The search for the causes of the fatal crash is perhaps also a banality - it doesn't bring the young man back to life. Perhaps the realisation is simple: cycling is simply incredibly dangerous - even for the best in their field. Even professionals like Mäder can fly off the bend. It often ends relatively lightly. This time it ended fatally.
It shook up the cycling scene because it became painfully clear how vulnerable people are in this sport - almost without protective equipment, without a crumple zone, at speeds familiar from motorsport. The pros are said to have hurtled towards the finish line in La Punt at around 100 kilometres per hour. In the end, Gino Mäder was one of us. A cyclist who loved what he did and took risks for it.

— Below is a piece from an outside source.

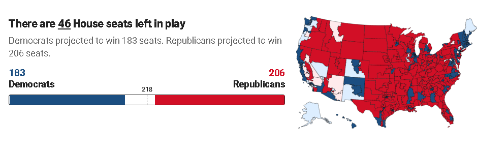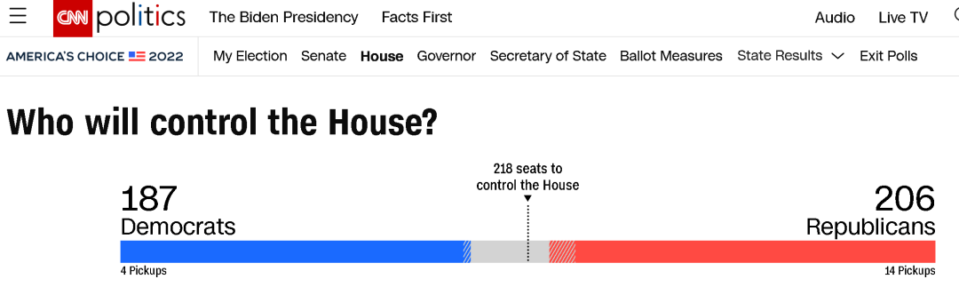 截至北京時間11月9日深夜,從多家美國媒體預測和計票趨勢來看,共和黨很可能會在擁有435個席位的美國國會眾議院獲得超過半數的218個席位,從而拿下眾議院的控制權——儘管計票還在繼續且共和黨在218席之外還能額外贏得的席位可能不會很多。

Deeply shaken, the peloton rolled on through Switzerland. "In the stages that followed, you could see that no rider took even the slightest risk," reported Tom Pidcock, who was not previously considered a professional cyclist who thought a lot about the risks of his sport. The Briton said at the start of the Tour de France that Mäder's accident had made him realise the danger of his actions, having raced to stage victory in Alpe d'Huez in 2022 with a breakneck descent from the Galibier Pass.

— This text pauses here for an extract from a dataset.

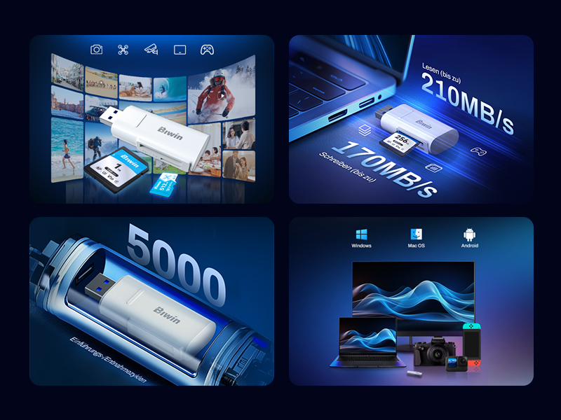 Biwin RC210 bietet echte Plug-and-Play-Funktionalität mit Hot-Swapping-Unterstützung, ohne Treiberinstallation. Es ist mit verschiedenen Systemen und Geräten kompatibel, vereinfacht die Dateiübertragung und ermöglicht eine mühelose Datenverwaltung, insbesondere für diejenigen, die schnellen Zugriff auf mehrere Karten benötigen.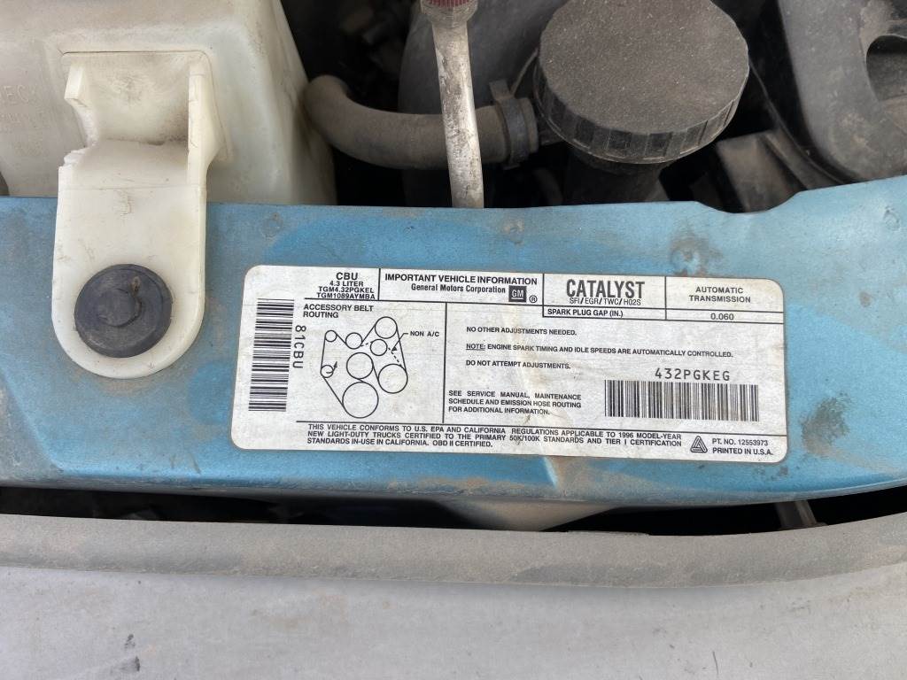 Location: Spokane WA ***County Government Surplus*** VIN: 1GNDM19W0TB185654 Engine: 4.3L 6cyl Gas Transmission: Automatic *Body damage* Cab divider, Proto tool cabinet, A/C, AM/FM/Cassette, spring suspension, LT215/75R15 tires. Miles: 144,351

Of course, the route in Switzerland was also criticised: World champion Remco Evenepoel asked why the finish was not at the top of the Albula pass, but down in the valley after the dangerous descent. The Tour de Suisse has had a similar route for several decades. Nevertheless, the sport has changed, the power density has increased and the equipment is faster. The tyres are wider than they used to be, but they are still narrow - and there is no ABS on the bike.

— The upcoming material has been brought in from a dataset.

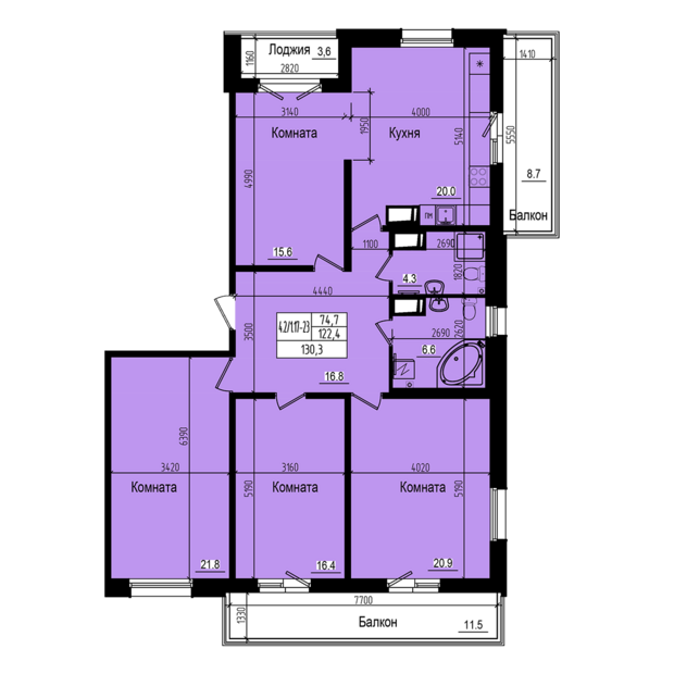 4-комн. кв., 130.3 м², 20/23 этаж

The last traces that the professional cyclist Mäder visibly left behind are the skid marks in the gravel next to the tarmac of the pass road, which the officers of the Graubünden cantonal police marked for the accident investigation. Serious racing accidents have often had consequences in the history of cycling. For example, the death of the Kazakh Andrei Kivilev led to the delayed introduction of compulsory helmets in professional cycling - after years of discussions with sometimes nonsensical counter-arguments.
What remains of Gino Mäder is the memory of someone who always wanted to leave a message beyond cycling. Mäder was regarded as someone who was interested in more than just pedalling, watts and results in cycling. He was committed to social projects and climate protection.
But Gino Mäder's life and death actually represent the bitter realisation that dreams and nightmares go hand in hand in cycling. Dangers lurk everywhere: The material is fragile, the speeds are high, people make mistakes - not only in traffic, but also during daily training on public roads.
Mäder did not make it to his first participation in the Tour de France. But somehow he was still there at the most important cycling race in the world: there were intense discussions about additional safety measures on the descents of the Alpine stages - including safety measures that were previously only known from skiing and were previously considered absurd.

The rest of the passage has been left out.